Dataset entries Block Start

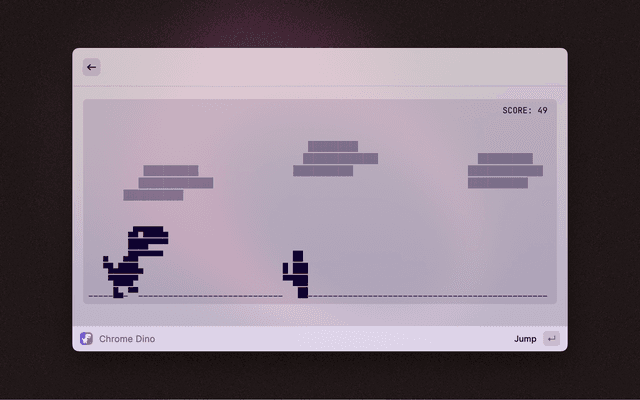 Want to play the Chrome Dinosaur game without opening a browser? We got you. Jump over cacti and gain points in this fast-paced endless runner game.
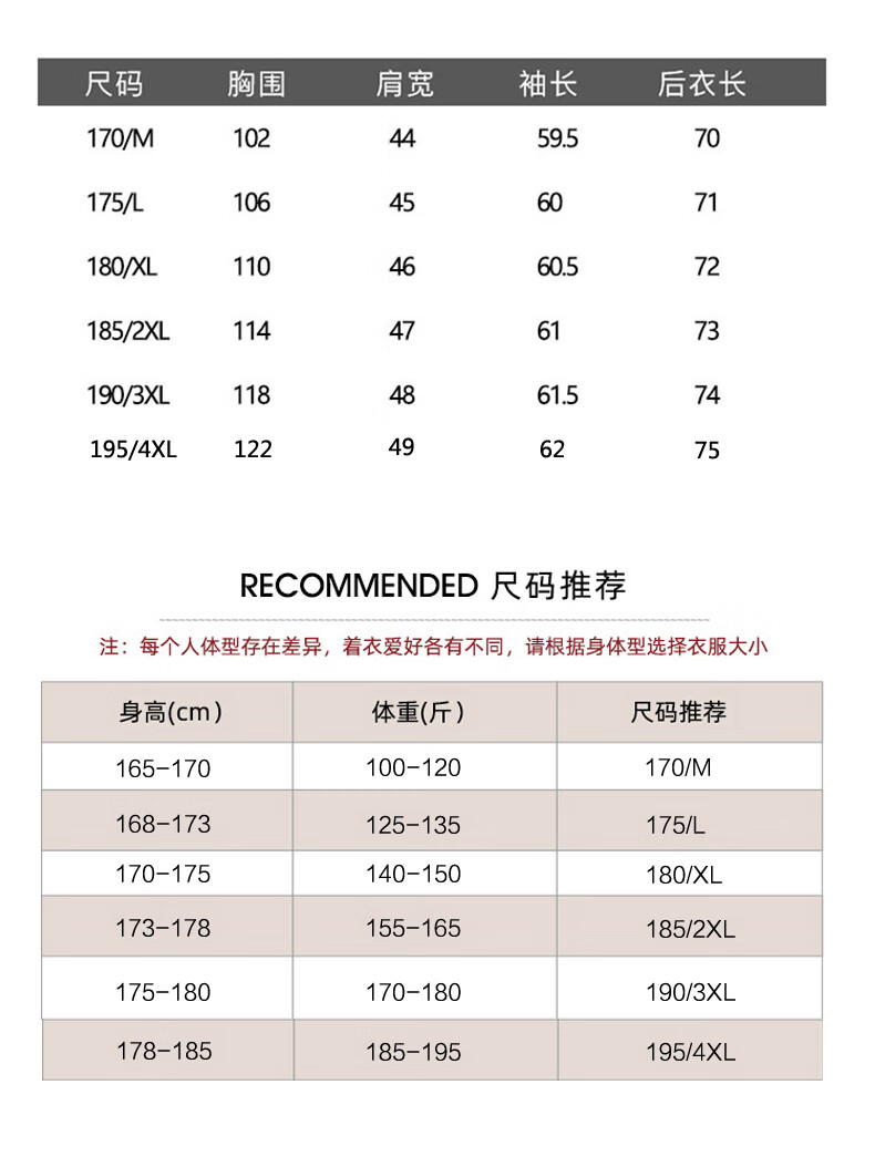 China (cm) 165 / 88-90 170 / 96-98 175 / 108-110 180 / 118-122 185 / 126-130
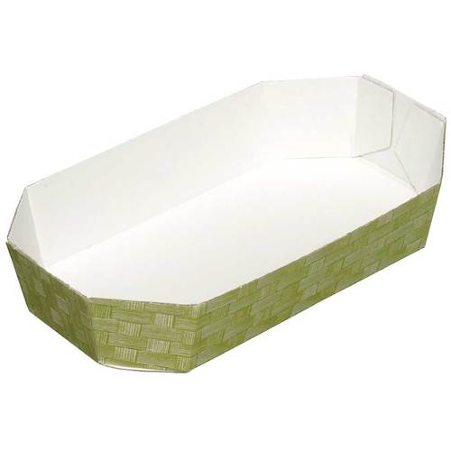 大黒工業(株) 品番:31145 大黒 テーパートレー AT-1 竹柄 特長強度のある紙を使ったトレーです。食品直置きは不可です。用途皮に覆われた果物の容器として。敷き紙を用いて、食品トレーとして。商品スペック仕様・規格185×105×35材質マイクロ段ボール質量・質量単位700g使用条件-注意事項-セット内容・付属品-製造国日本小箱入数小箱入数とは、発注単位の商品を小箱に収納した状態の数量で
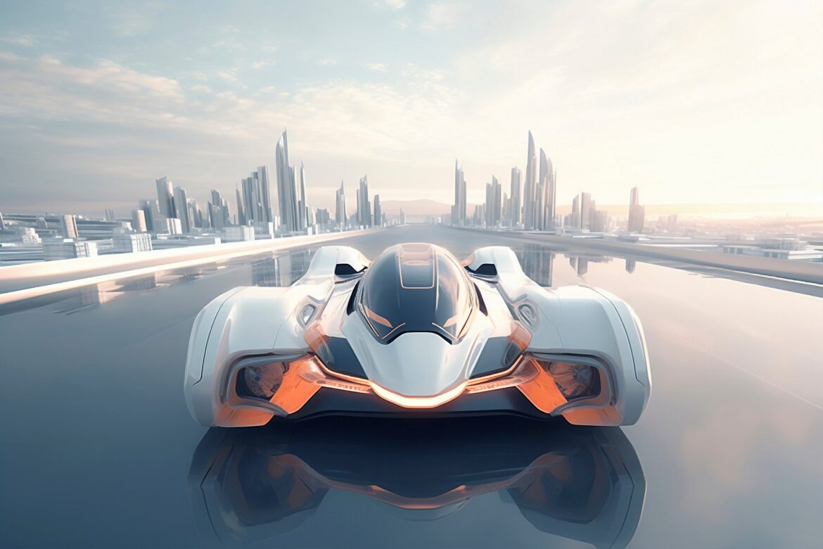 3d rendering driverless car or autonomous car plug in with ev charging station
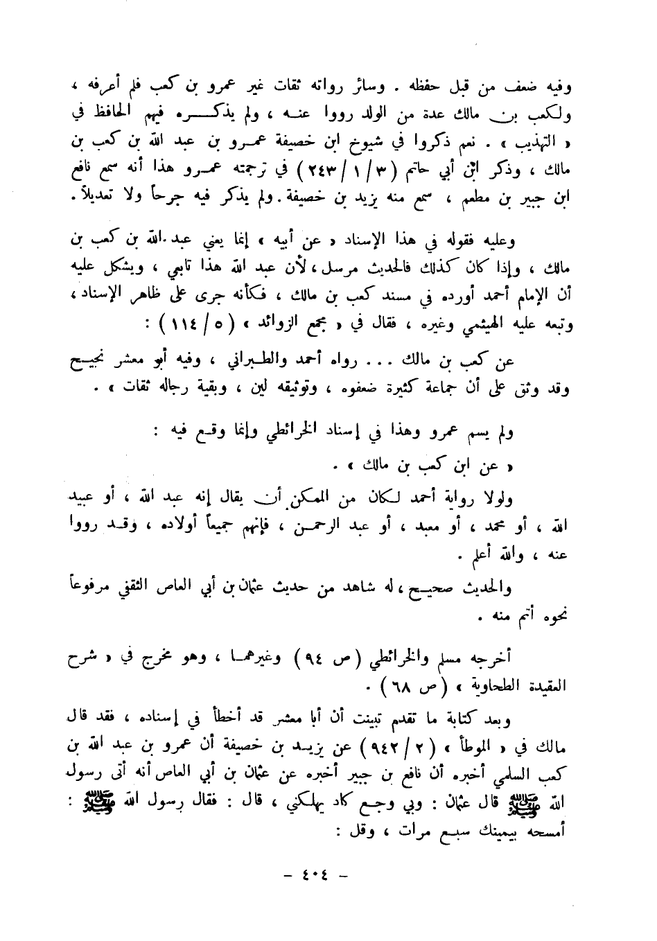 ". ولم يسم عمرو وهذا في إسناد الخرائطي وإنما وقع فيه: " عن ابن كعب ابن

Dataset entries Block End

> _Instructions to follow_
Copy nothing but the lines from the first one in the listing through the line with "大黒工業(株) 品番:31145 大黒", and omit the pictures.

> _Exercise response_
 Want to play the Chrome Dinosaur game without opening a browser? We got you. Jump over cacti and gain points in this fast-paced endless runner game.
 China (cm) 165 / 88-90 170 / 96-98 175 / 108-110 180 / 118-122 185 / 126-130
 大黒工業(株) 品番:31145 大黒 テーパートレー AT-1 竹柄 特長強度のある紙を使ったトレーです。食品直置きは不可です。用途皮に覆われた果物の容器として。敷き紙を用いて、食品トレーとして。商品スペック仕様・規格185×105×35材質マイクロ段ボール質量・質量単位700g使用条件-注意事項-セット内容・付属品-製造国日本小箱入数小箱入数とは、発注単位の商品を小箱に収納した状態の数量で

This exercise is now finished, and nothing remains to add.